### MATERIAL FOR THE TASK
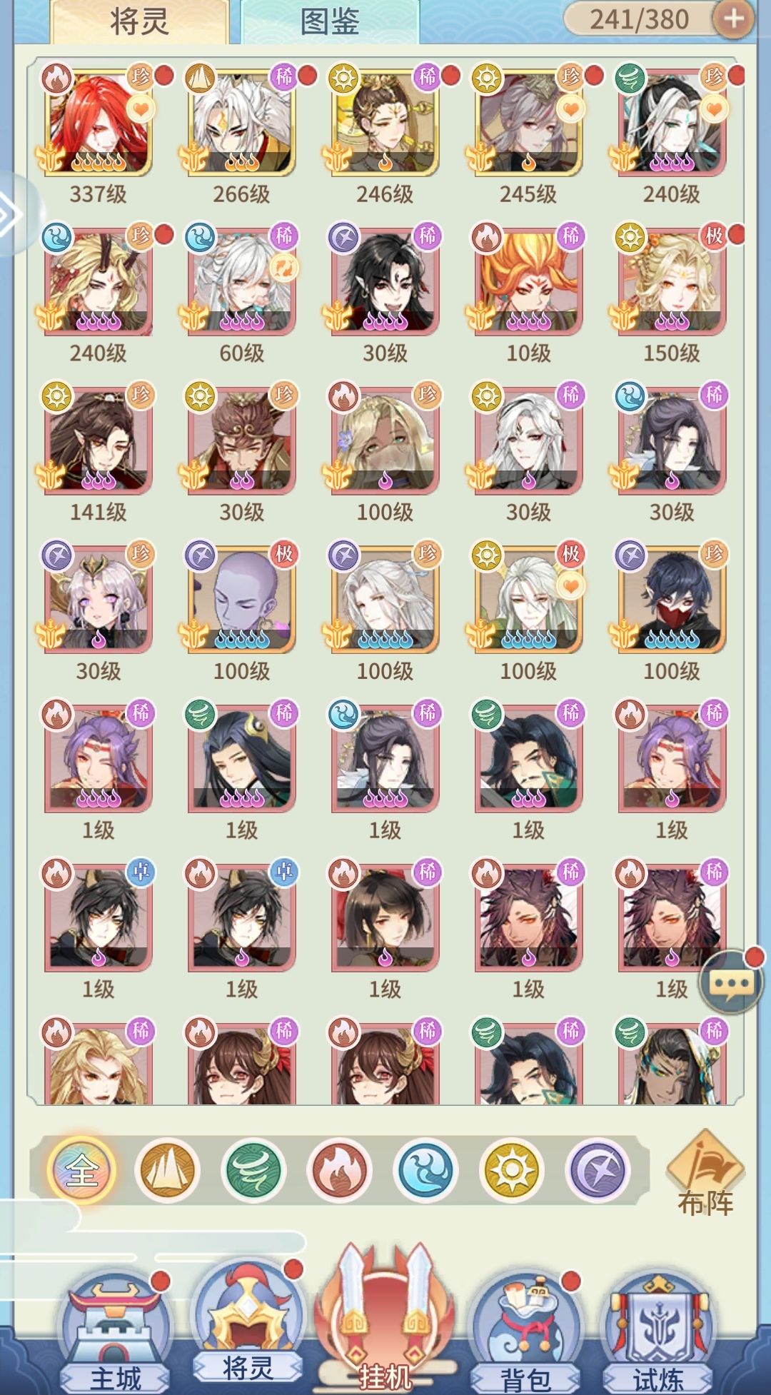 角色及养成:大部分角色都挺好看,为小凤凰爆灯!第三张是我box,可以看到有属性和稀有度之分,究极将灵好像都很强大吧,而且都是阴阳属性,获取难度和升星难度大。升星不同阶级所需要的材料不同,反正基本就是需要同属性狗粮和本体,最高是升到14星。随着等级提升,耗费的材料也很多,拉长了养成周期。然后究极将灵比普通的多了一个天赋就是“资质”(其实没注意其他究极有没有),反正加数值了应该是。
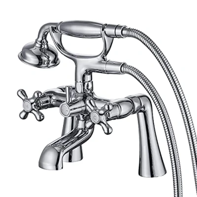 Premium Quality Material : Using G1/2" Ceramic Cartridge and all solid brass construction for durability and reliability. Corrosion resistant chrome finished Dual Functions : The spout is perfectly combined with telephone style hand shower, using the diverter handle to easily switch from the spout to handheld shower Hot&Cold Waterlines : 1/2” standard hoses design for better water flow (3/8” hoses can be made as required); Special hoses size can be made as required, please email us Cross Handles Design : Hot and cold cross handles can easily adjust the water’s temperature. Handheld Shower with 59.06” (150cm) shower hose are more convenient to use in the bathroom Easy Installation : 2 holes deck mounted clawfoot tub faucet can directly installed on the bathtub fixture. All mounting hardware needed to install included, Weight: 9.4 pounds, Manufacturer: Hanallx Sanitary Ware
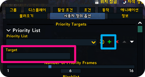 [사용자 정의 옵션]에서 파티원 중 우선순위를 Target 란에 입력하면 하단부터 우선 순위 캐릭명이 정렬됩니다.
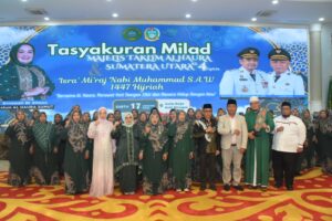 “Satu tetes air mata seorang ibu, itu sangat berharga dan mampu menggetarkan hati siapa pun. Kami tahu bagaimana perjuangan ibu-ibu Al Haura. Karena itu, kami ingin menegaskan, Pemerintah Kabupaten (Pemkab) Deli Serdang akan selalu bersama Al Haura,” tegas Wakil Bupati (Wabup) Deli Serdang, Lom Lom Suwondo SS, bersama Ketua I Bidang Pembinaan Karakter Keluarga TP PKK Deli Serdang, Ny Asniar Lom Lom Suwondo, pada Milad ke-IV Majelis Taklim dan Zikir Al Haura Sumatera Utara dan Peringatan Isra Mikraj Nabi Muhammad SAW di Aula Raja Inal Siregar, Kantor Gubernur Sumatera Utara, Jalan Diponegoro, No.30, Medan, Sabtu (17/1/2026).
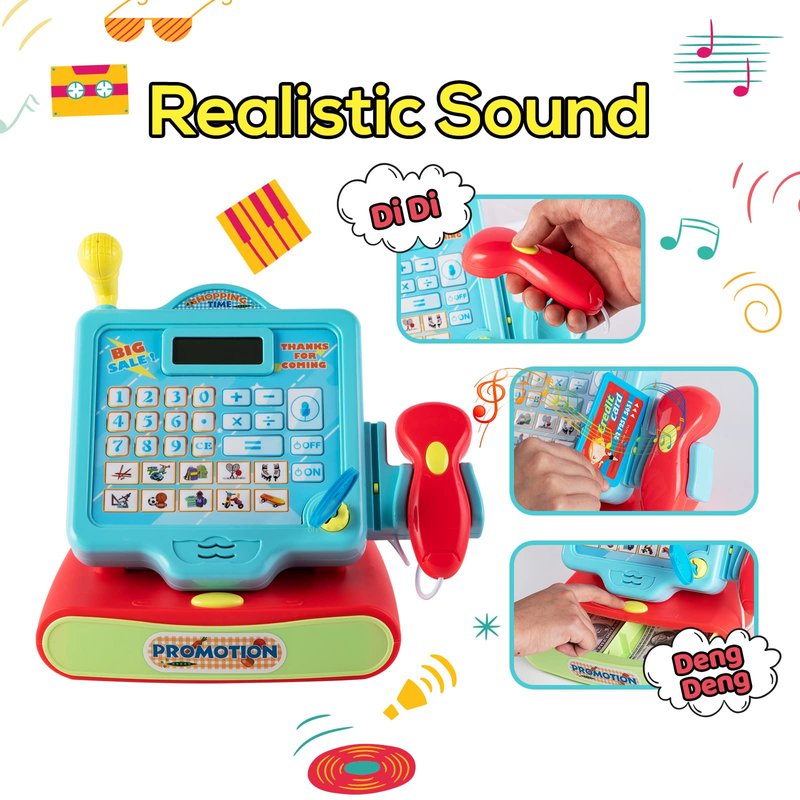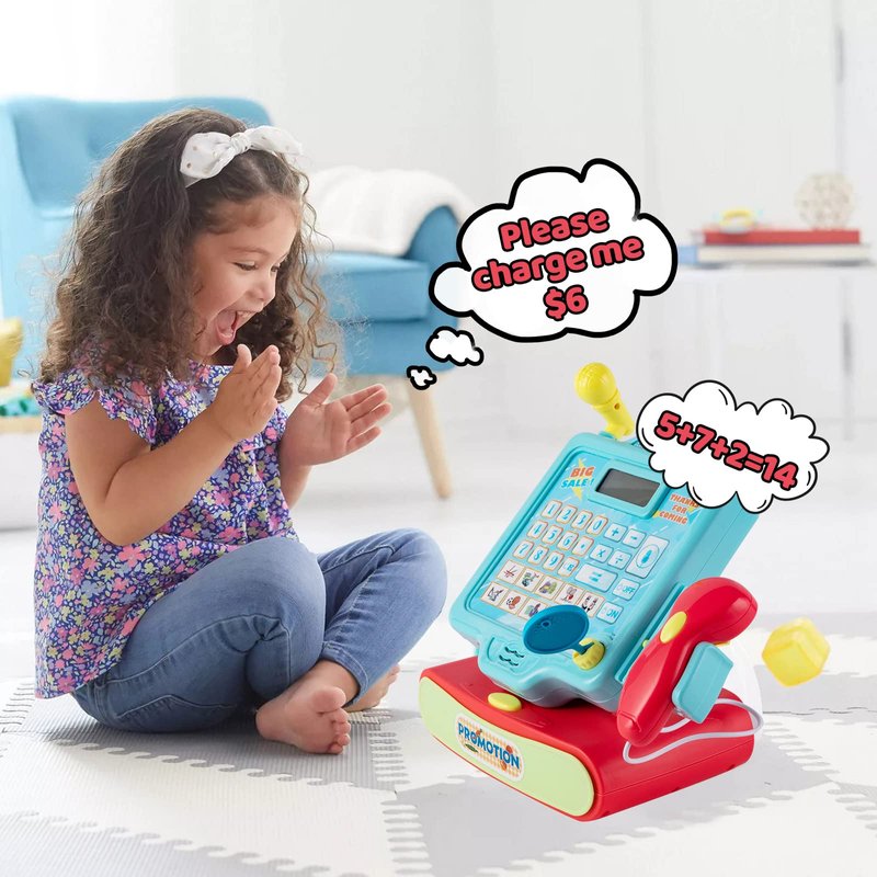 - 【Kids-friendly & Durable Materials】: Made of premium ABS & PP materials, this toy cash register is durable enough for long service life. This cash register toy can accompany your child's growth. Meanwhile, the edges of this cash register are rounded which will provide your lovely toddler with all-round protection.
---
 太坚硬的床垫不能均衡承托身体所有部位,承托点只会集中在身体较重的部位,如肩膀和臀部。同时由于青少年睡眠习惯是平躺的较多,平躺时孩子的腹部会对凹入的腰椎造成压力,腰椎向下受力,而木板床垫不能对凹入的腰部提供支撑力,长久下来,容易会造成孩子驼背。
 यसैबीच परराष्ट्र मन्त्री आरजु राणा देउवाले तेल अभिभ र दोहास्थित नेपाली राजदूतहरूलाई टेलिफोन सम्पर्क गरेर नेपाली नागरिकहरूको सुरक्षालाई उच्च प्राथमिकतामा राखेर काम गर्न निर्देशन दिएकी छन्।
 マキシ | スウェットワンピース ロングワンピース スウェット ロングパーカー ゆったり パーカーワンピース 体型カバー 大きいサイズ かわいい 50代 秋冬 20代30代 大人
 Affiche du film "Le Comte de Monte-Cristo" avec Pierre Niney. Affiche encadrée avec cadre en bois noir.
* * *
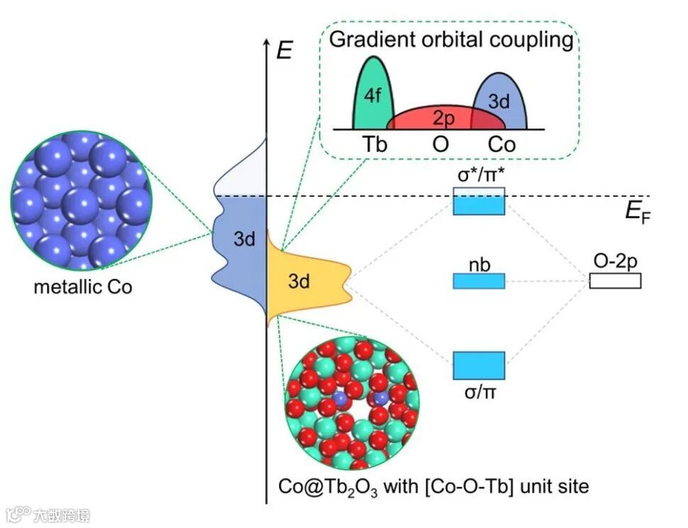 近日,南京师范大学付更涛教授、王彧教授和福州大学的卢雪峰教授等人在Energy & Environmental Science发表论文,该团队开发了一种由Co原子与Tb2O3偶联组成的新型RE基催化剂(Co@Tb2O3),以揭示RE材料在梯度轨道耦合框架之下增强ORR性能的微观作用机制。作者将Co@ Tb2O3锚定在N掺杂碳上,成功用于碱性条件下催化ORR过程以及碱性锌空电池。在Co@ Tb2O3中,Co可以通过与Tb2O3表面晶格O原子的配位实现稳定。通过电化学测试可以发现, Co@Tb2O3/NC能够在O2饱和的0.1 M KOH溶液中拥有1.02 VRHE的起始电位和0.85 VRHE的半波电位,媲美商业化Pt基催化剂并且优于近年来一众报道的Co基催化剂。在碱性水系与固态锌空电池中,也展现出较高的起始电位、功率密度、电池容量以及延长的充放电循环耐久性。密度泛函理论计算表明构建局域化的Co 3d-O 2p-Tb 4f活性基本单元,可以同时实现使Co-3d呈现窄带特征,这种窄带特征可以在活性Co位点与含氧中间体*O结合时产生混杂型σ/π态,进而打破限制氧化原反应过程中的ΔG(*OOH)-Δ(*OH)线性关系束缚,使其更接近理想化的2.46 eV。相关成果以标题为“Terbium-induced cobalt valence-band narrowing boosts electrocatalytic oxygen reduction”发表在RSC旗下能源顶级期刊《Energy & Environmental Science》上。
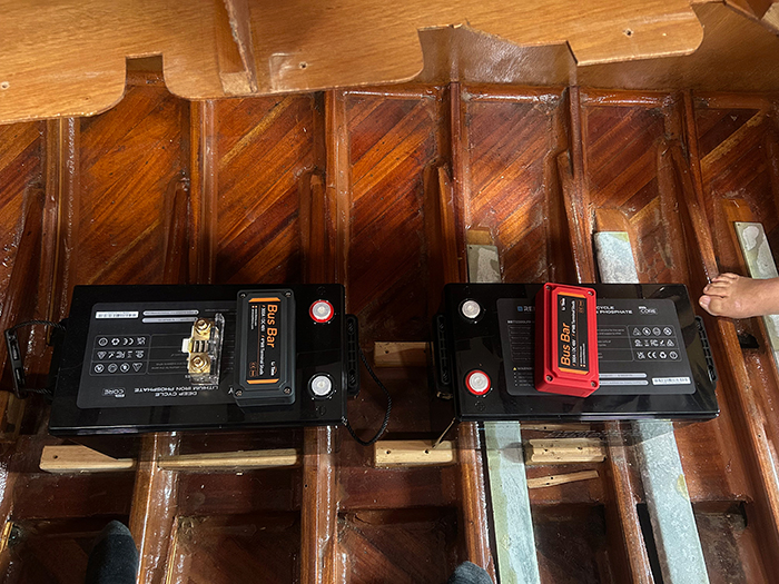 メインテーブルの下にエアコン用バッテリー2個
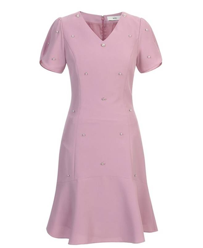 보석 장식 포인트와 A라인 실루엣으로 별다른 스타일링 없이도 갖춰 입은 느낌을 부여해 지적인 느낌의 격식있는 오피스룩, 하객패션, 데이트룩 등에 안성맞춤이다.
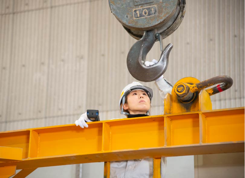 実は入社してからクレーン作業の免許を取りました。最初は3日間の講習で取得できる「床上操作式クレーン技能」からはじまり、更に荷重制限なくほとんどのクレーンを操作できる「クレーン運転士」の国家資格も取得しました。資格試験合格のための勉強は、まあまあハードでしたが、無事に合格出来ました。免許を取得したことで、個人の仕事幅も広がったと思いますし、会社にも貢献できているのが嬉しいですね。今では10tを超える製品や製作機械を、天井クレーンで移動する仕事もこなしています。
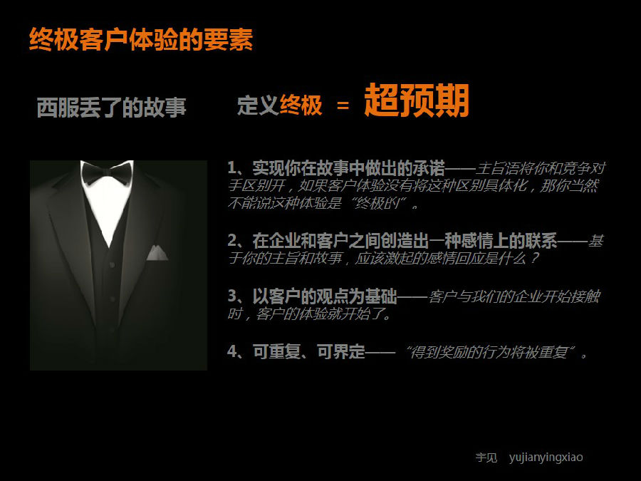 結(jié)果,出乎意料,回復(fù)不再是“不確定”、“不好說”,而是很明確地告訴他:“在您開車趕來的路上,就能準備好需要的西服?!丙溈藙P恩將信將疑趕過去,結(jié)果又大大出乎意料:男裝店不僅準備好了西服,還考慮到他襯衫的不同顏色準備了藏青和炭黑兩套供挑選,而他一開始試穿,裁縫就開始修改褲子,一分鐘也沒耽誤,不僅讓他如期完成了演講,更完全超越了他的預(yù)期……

### TASK STATEMENT
In the listing above, locate the line with "マキシ | スウェットワンピース" and the line with "Affiche du film", then extract exactly those lines and every line between them, and nothing more.

### ANSWER SPACE
 マキシ | スウェットワンピース ロングワンピース スウェット ロングパーカー ゆったり パーカーワンピース 体型カバー 大きいサイズ かわいい 50代 秋冬 20代30代 大人
 Affiche du film "Le Comte de Monte-Cristo" avec Pierre Niney. Affiche encadrée avec cadre en bois noir.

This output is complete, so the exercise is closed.